A Million Reasons Why
Page 24
Then again, so had their families, as innocently baffled by the whole circumstance as their children had been. That had been a commonality, too: having someone external to blame.
Sela and Caroline talked their way from the hot tubs to the firepits and back, until their growling stomachs called them away. At the least touristy pub they could find, they sat at a high-top and ordered salads and waters, Caroline matching her sister’s order without comment. Later, Sela laughed so hard she fell off her stool—stone-cold sober. On the walk back, they took off their shoes, climbed into a fountain, and took selfies with the centerpiece: a bear wearing a hat. At a wishing well, they collected coins from the crumb-lined bottoms of their purses and threw in every last one.
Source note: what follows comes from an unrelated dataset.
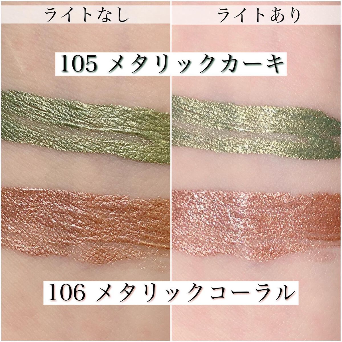 - <101 メタリックブロンズ> 水、(アクリレーツ/アクリル酸エチルヘキシル)コポリマー、BG、ミツロウ、カルナウバロウ、ステアリン酸、シリカ、TEA、PVP、ジフェニルシロキシフェニルトリメチコン、ステアリン酸ソルビタン、パルミチン酸、ワセリン、(HDI/トリメチロールヘキシルラクトン)クロスポリマー、ジメチコン、ポリソルベート60、ミリスチン酸、ラウレス-21、フェノキシエタノール、エチルヘキシルグリセリン、メチルパラベン、ヒドロキシエチルセルロース、トコフェロール、パンテノール、グリセリン、加水分解コラーゲン、PCA-Na、乳酸Na、ヒアルロン酸Na、リンゴ果実培養細胞エキス、アルギニン、アスパラギン酸、PCA、ローズマリー葉エキス、ビワ葉エキス、マグワ根皮エキス、グリシン、アラニン、キサンタンガム、センチフォリアバラ花エキス、ブドウ葉エキス、加水分解コンキオリン、セリン、ノイバラ果実エキス、バリン、イソロイシン、トレオニン、プロリン、ヒスチジン、フェニルアラニン、レシチン、ユズ果実エキス、ビオチノイルトリペプチド-1、酸化鉄、Al、マイカ、タルク <102 メタリックゴールド> 水、(アクリレーツ/アクリル酸エチルヘキシル)コポリマー、BG、ミツロウ、カルナウバロウ、ステアリン酸、シリカ、TEA、PVP、ジフェニルシロキシフェニルトリメチコン、ステアリン酸ソルビタン、パルミチン酸、ワセリン、(HDI/トリメチロールヘキシルラクトン)クロスポリマー、ジメチコン、ポリソルベート60、ミリスチン酸、ラウレス-21、フェノキシエタノール、エチルヘキシルグリセリン、メチルパラベン、ヒドロキシエチルセルロース、トコフェロール、パンテノール、グリセリン、加水分解コラーゲン、PCA-Na、乳酸Na、ヒアルロン酸Na、リンゴ果実培養細胞エキス、アルギニン、アスパラギン酸、PCA、ローズマリー葉エキス、ビワ葉エキス、マグワ根皮エキス、グリシン、アラニン、キサンタンガム、センチフォリアバラ花エキス、ブドウ葉エキス、加水分解コンキオリン、セリン、ノイバラ果実エキス、バリン、イソロイシン、トレオニン、プロリン、ヒスチジン、フェニルアラニン、レシチン、ユズ果実エキス、ビオチノイルトリペプチド-1、Al、マイカ、酸化鉄、タルク、酸化チタン <103 メタリックエメラルド> 水、(アクリレーツ/アクリル酸エチルヘキシル)コポリマー、BG、ミツロウ、カルナウバロウ、ステアリン酸、シリカ、TEA、PVP、ジフェニルシロキシフェニルトリメチコン、ステアリン酸ソルビタン、パルミチン酸、ワセリン、(HDI/トリメチロールヘキシルラクトン)クロスポリマー、ジメチコン、ポリソルベート60、ミリスチン酸、ラウレス-21、フェノキシエタノール、エチルヘキシルグリセリン、メチルパラベン、ヒドロキシエチルセルロース、トコフェロール、パンテノール、グリセリン、加水分解コラーゲン、PCA-Na、乳酸Na、ヒアルロン酸Na、リンゴ果実培養細胞エキス、アルギニン、アスパラギン酸、PCA、ローズマリー葉エキス、ビワ葉エキス、マグワ根皮エキス、グリシン、アラニン、キサンタンガム、センチフォリアバラ花エキス、ブドウ葉エキス、加水分解コンキオリン、セリン、ノイバラ果実エキス、バリン、イソロイシン、トレオニン、プロリン、ヒスチジン、フェニルアラニン、レシチン、ユズ果実エキス、ビオチノイルトリペプチド-1、Al、水酸化クロム、銀、グンジョウ、マイカ、タルク、酸化鉄、酸化スズ <104 メタリックピンク> 水、(アクリレーツ/アクリル酸エチルヘキシル)コポリマー、BG、ミツロウ、カルナウバロウ、ステアリン酸、TEA、PVP、ジフェニルシロキシフェニルトリメチコン、ステアリン酸ソルビタン、パルミチン酸、ワセリン、(HDI/トリメチロールヘキシルラクトン)クロスポリマー、ジメチコン、ポリソルベート60、ミリスチン酸、ラウレス-21、フェノキシエタノール、エチルヘキシルグリセリン、メチルパラベン、ヒドロキシエチルセルロース、トコフェロール、パンテノール、グリセリン、加水分解コラーゲン、PCA-Na、乳酸Na、ヒアルロン酸Na、リンゴ果実培養細胞エキス、アルギニン、アスパラギン酸、PCA、ローズマリー葉エキス、ビワ葉エキス、マグワ根皮エキス、グリシン、アラニン、キサンタンガム、センチフォリアバラ花エキス、ブドウ葉エキス、加水分解コンキオリン、セリン、ノイバラ果実エキス、バリン、イソロイシン、トレオニン、プロリン、ヒスチジン、フェニルアラニン、レシチン、ユズ果実エキス、ビオチノイルトリペプチド-1、合成フルオロフロゴパイト、シリカ、マイカ、タルク、酸化鉄、酸化チタン、AI、銀、水酸化AI、グンジョウ、赤226、酸化スズ <201 ブルージュブラック> 水、(アクリレーツ/アクリル酸エチルヘキシル)コポリマー、BG、ミツロウ、カルナウバロウ、ステアリン酸、TEA、PVP、ジフェニルシロキシフェニルトリメチコン、ステアリン酸ソルビタン、パルミチン酸、ワセリン、(HDI/トリメチロールヘキ

In the tackiest of a string of tacky gift shops, they bought matching flannel pajama pants dotted with cartoonish waterfalls and pine trees.
But the real magic of the night was not in the movie montage, the photo booth strip feeling of it all, the nostalgic carousel ride of emotions and memories and mirrors. It was in realizing that everything else had fallen away. Not just the mental checklist for tomorrow’s show but the confusing dynamics of the months before. The scares and reveals that rocked Caroline’s reality, and the lonely hardships that made up Sela’s, and the daily go-go-go that persisted through it all. The lot of it didn’t merely fade: It vanished.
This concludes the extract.